WHAT YOU WILL DO:
Each record must appear in the answer exactly as given.

-------- SUPPLIED MATERIAL --------

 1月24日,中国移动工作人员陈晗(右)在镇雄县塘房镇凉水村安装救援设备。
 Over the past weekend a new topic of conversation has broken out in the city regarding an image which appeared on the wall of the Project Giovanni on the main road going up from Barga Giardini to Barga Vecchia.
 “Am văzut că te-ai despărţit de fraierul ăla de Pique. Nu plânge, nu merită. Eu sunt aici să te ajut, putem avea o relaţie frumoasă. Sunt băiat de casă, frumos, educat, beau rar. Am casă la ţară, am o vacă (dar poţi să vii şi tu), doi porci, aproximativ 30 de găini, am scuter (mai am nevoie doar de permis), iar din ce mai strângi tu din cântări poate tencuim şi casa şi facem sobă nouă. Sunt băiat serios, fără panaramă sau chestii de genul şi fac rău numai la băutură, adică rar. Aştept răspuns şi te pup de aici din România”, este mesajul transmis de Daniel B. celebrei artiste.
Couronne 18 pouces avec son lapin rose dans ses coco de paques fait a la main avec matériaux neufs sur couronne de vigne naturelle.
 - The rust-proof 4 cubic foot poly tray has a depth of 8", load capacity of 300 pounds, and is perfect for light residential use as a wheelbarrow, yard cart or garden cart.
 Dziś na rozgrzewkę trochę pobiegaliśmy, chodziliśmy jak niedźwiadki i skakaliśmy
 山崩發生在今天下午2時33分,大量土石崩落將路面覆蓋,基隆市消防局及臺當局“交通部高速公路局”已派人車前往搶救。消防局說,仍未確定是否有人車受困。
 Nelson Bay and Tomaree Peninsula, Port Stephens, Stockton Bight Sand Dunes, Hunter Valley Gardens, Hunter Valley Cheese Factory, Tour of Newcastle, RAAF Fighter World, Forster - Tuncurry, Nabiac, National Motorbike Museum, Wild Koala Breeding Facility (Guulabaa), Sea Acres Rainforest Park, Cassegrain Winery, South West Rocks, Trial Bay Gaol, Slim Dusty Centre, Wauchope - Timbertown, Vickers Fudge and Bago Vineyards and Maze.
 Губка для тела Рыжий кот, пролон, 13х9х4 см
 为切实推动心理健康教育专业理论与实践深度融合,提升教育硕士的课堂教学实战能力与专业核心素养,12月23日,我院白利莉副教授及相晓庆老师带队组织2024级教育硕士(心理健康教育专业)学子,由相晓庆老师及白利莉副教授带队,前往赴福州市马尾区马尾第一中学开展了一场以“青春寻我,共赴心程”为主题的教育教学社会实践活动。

--------

YOUR RESPONSE:
 1月24日,中国移动工作人员陈晗(右)在镇雄县塘房镇凉水村安装救援设备。
 Over the past weekend a new topic of conversation has broken out in the city regarding an image which appeared on the wall of the Project Giovanni on the main road going up from Barga Giardini to Barga Vecchia.
 “Am văzut că te-ai despărţit de fraierul ăla de Pique. Nu plânge, nu merită. Eu sunt aici să te ajut, putem avea o relaţie frumoasă. Sunt băiat de casă, frumos, educat, beau rar. Am casă la ţară, am o vacă (dar poţi să vii şi tu), doi porci, aproximativ 30 de găini, am scuter (mai am nevoie doar de permis), iar din ce mai strângi tu din cântări poate tencuim şi casa şi facem sobă nouă. Sunt băiat serios, fără panaramă sau chestii de genul şi fac rău numai la băutură, adică rar. Aştept răspuns şi te pup de aici din România”, este mesajul transmis de Daniel B. celebrei artiste.
Couronne 18 pouces avec son lapin rose dans ses coco de paques fait a la main avec matériaux neufs sur couronne de vigne naturelle.
 - The rust-proof 4 cubic foot poly tray has a depth of 8", load capacity of 300 pounds, and is perfect for light residential use as a wheelbarrow, yard cart or garden cart.
 Dziś na rozgrzewkę trochę pobiegaliśmy, chodziliśmy jak niedźwiadki i skakaliśmy
 山崩發生在今天下午2時33分,大量土石崩落將路面覆蓋,基隆市消防局及臺當局“交通部高速公路局”已派人車前往搶救。消防局說,仍未確定是否有人車受困。
 Nelson Bay and Tomaree Peninsula, Port Stephens, Stockton Bight Sand Dunes, Hunter Valley Gardens, Hunter Valley Cheese Factory, Tour of Newcastle, RAAF Fighter World, Forster - Tuncurry, Nabiac, National Motorbike Museum, Wild Koala Breeding Facility (Guulabaa), Sea Acres Rainforest Park, Cassegrain Winery, South West Rocks, Trial Bay Gaol, Slim Dusty Centre, Wauchope - Timbertown, Vickers Fudge and Bago Vineyards and Maze.
 Губка для тела Рыжий кот, пролон, 13х9х4 см
 为切实推动心理健康教育专业理论与实践深度融合,提升教育硕士的课堂教学实战能力与专业核心素养,12月23日,我院白利莉副教授及相晓庆老师带队组织2024级教育硕士(心理健康教育专业)学子,由相晓庆老师及白利莉副教授带队,前往赴福州市马尾区马尾第一中学开展了一场以“青春寻我,共赴心程”为主题的教育教学社会实践活动。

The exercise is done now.